▶ **What you have to do**: All the lines below need retyping exactly, apart from the images.

▶ **Data section**:
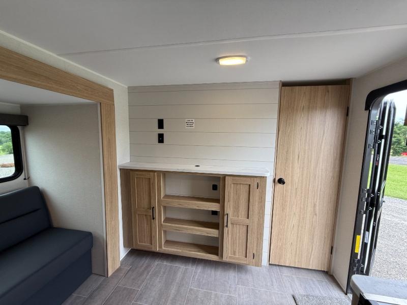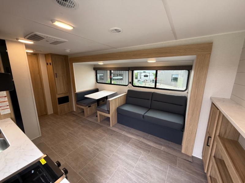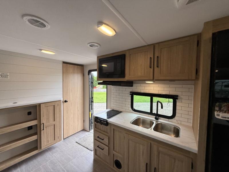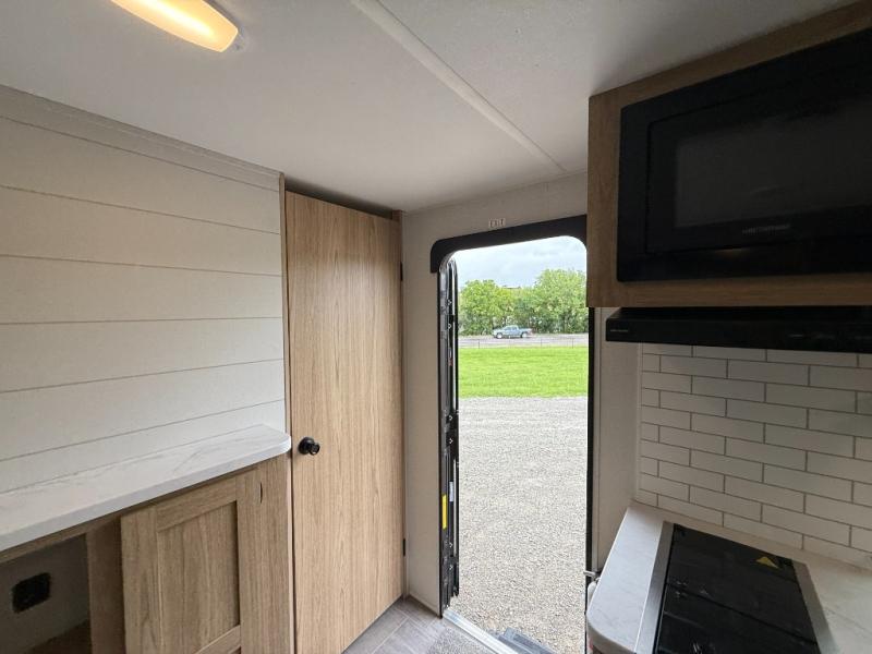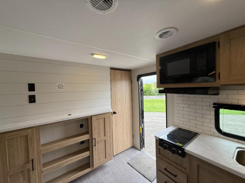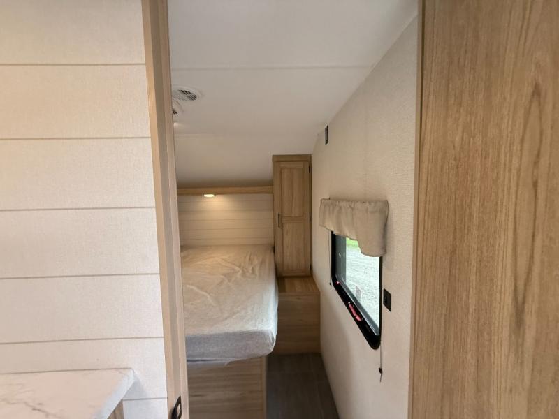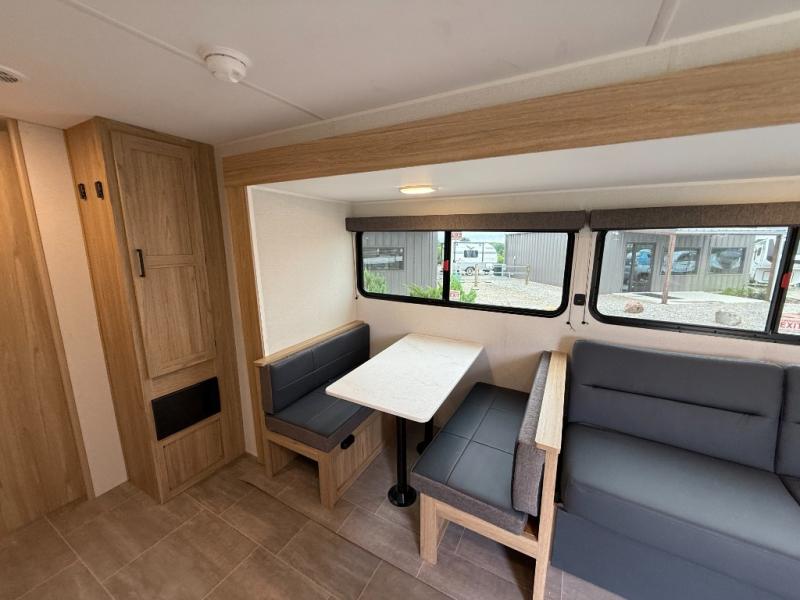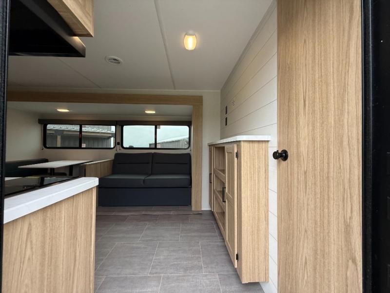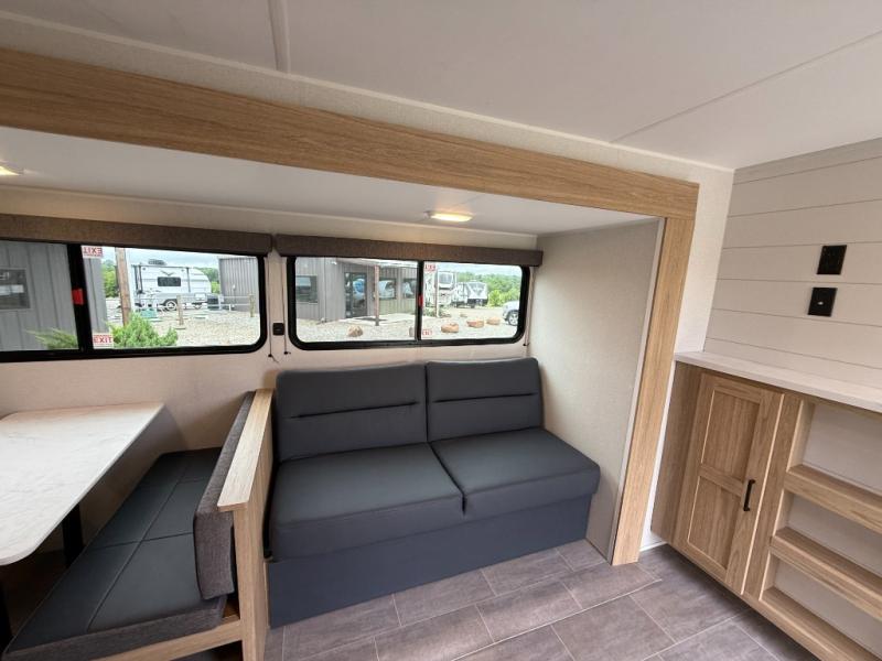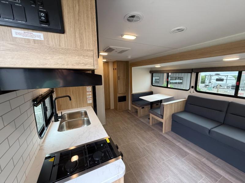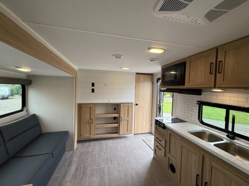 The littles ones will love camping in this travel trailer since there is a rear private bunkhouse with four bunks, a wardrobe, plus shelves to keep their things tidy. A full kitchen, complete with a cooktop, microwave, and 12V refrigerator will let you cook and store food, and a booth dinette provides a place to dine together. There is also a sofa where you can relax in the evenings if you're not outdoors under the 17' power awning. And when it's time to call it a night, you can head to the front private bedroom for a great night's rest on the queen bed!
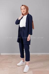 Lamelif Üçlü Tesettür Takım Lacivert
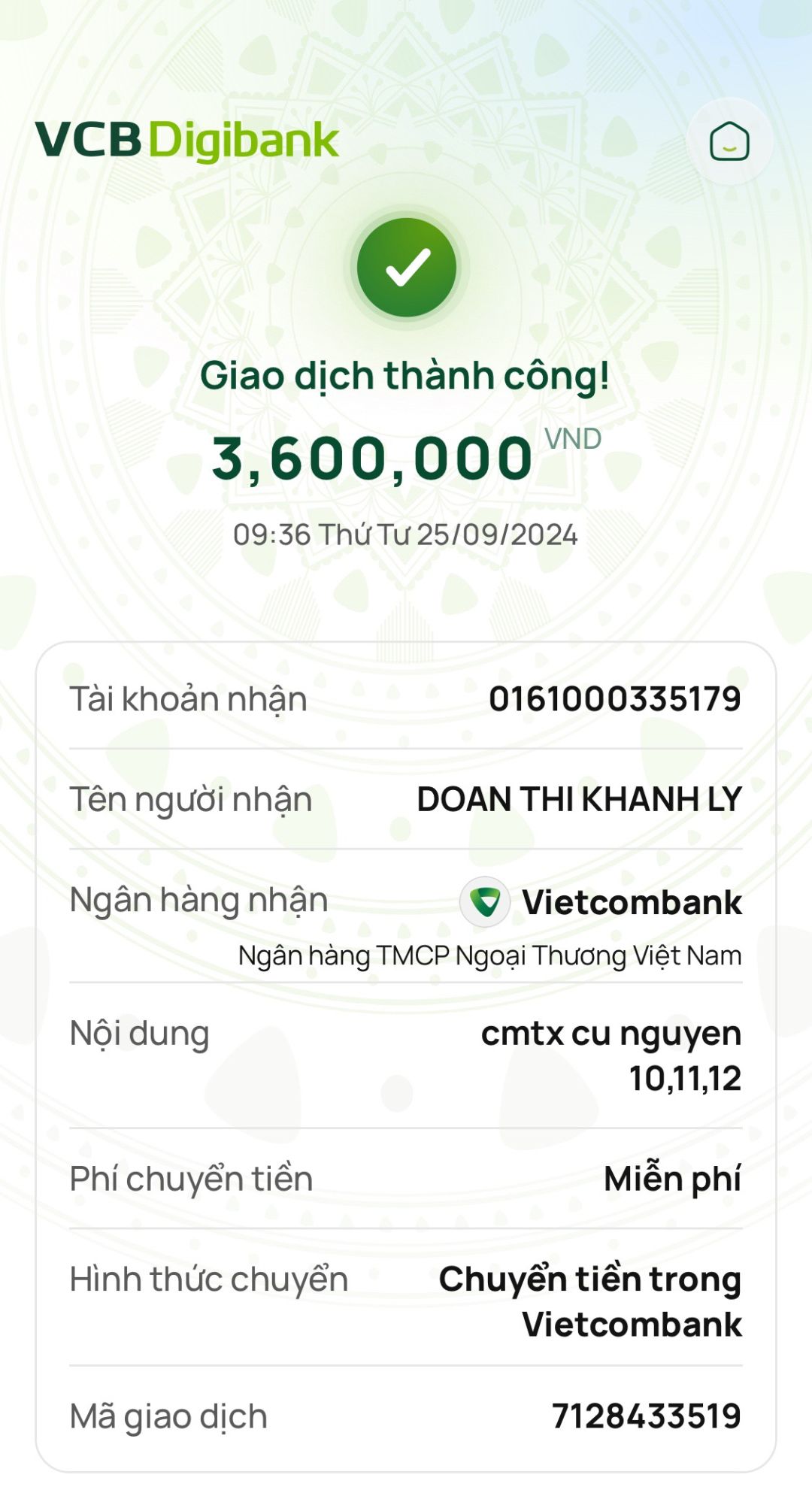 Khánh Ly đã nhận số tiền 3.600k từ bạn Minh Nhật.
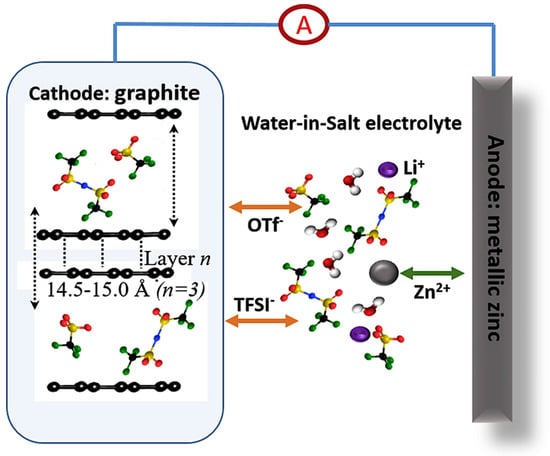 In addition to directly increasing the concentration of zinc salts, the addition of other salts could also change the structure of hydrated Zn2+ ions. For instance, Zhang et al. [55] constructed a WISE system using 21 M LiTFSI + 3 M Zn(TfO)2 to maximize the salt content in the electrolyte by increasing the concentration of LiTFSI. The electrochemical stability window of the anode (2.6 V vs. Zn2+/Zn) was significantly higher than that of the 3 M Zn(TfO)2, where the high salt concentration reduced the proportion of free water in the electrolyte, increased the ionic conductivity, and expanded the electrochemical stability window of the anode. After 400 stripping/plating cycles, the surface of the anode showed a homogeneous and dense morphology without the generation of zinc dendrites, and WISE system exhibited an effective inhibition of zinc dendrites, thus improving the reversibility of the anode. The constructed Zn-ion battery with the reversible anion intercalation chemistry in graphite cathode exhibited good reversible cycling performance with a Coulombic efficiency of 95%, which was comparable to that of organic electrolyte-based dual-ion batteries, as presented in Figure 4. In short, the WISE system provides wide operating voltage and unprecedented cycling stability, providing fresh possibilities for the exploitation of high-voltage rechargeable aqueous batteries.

▶ **Solution for this exercise**:
 The littles ones will love camping in this travel trailer since there is a rear private bunkhouse with four bunks, a wardrobe, plus shelves to keep their things tidy. A full kitchen, complete with a cooktop, microwave, and 12V refrigerator will let you cook and store food, and a booth dinette provides a place to dine together. There is also a sofa where you can relax in the evenings if you're not outdoors under the 17' power awning. And when it's time to call it a night, you can head to the front private bedroom for a great night's rest on the queen bed!
 Lamelif Üçlü Tesettür Takım Lacivert
 Khánh Ly đã nhận số tiền 3.600k từ bạn Minh Nhật.
 In addition to directly increasing the concentration of zinc salts, the addition of other salts could also change the structure of hydrated Zn2+ ions. For instance, Zhang et al. [55] constructed a WISE system using 21 M LiTFSI + 3 M Zn(TfO)2 to maximize the salt content in the electrolyte by increasing the concentration of LiTFSI. The electrochemical stability window of the anode (2.6 V vs. Zn2+/Zn) was significantly higher than that of the 3 M Zn(TfO)2, where the high salt concentration reduced the proportion of free water in the electrolyte, increased the ionic conductivity, and expanded the electrochemical stability window of the anode. After 400 stripping/plating cycles, the surface of the anode showed a homogeneous and dense morphology without the generation of zinc dendrites, and WISE system exhibited an effective inhibition of zinc dendrites, thus improving the reversibility of the anode. The constructed Zn-ion battery with the reversible anion intercalation chemistry in graphite cathode exhibited good reversible cycling performance with a Coulombic efficiency of 95%, which was comparable to that of organic electrolyte-based dual-ion batteries, as presented in Figure 4. In short, the WISE system provides wide operating voltage and unprecedented cycling stability, providing fresh possibilities for the exploitation of high-voltage rechargeable aqueous batteries.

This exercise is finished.